A faithful copy of the listing below is needed, one that contains no pictures.

Data provided
*** Begin section ***
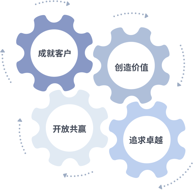成就客户是一切决策的出发点,创造价值是衡量所有工作的标准,追求卓越是优德88做事做人的态度,开放共赢是优德88的格局也是最终的结果。价值观的齿轮环环相扣,推动着组织里的每个人不断向前。
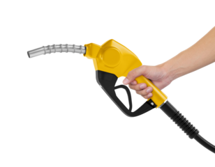 Hands holding Fuel yellow nozzle, transparent background
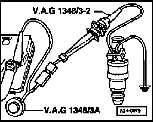 - Use adapter cable to connect second terminal of fuel injector to VAG1348/3 remote control with VAG1348/3-2 adapter cable.
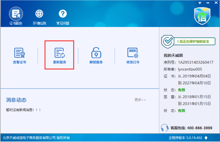打开i信主界面并点击“更新服务”按钮进入更新页面
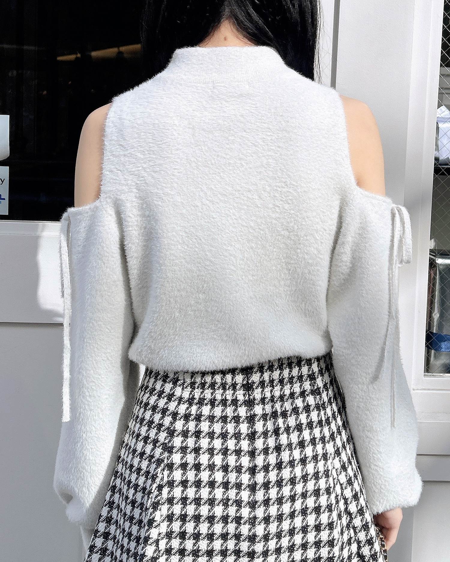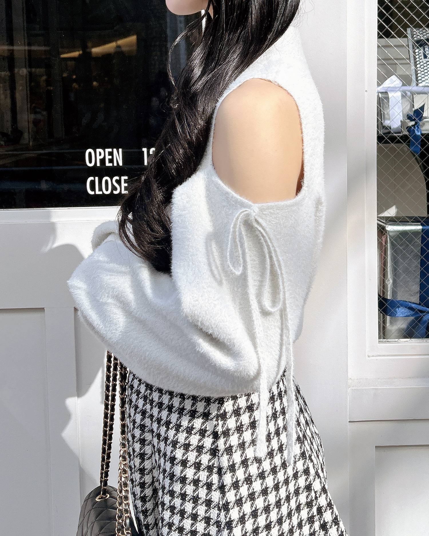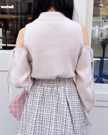 適度な肌見せがフェミニンな雰囲気を演出してくれるあざとかわいいニット♡
*** End section ***
Task output
成就客户是一切决策的出发点,创造价值是衡量所有工作的标准,追求卓越是优德88做事做人的态度,开放共赢是优德88的格局也是最终的结果。价值观的齿轮环环相扣,推动着组织里的每个人不断向前。
 Hands holding Fuel yellow nozzle, transparent background
 - Use adapter cable to connect second terminal of fuel injector to VAG1348/3 remote control with VAG1348/3-2 adapter cable.
打开i信主界面并点击“更新服务”按钮进入更新页面
 適度な肌見せがフェミニンな雰囲気を演出してくれるあざとかわいいニット♡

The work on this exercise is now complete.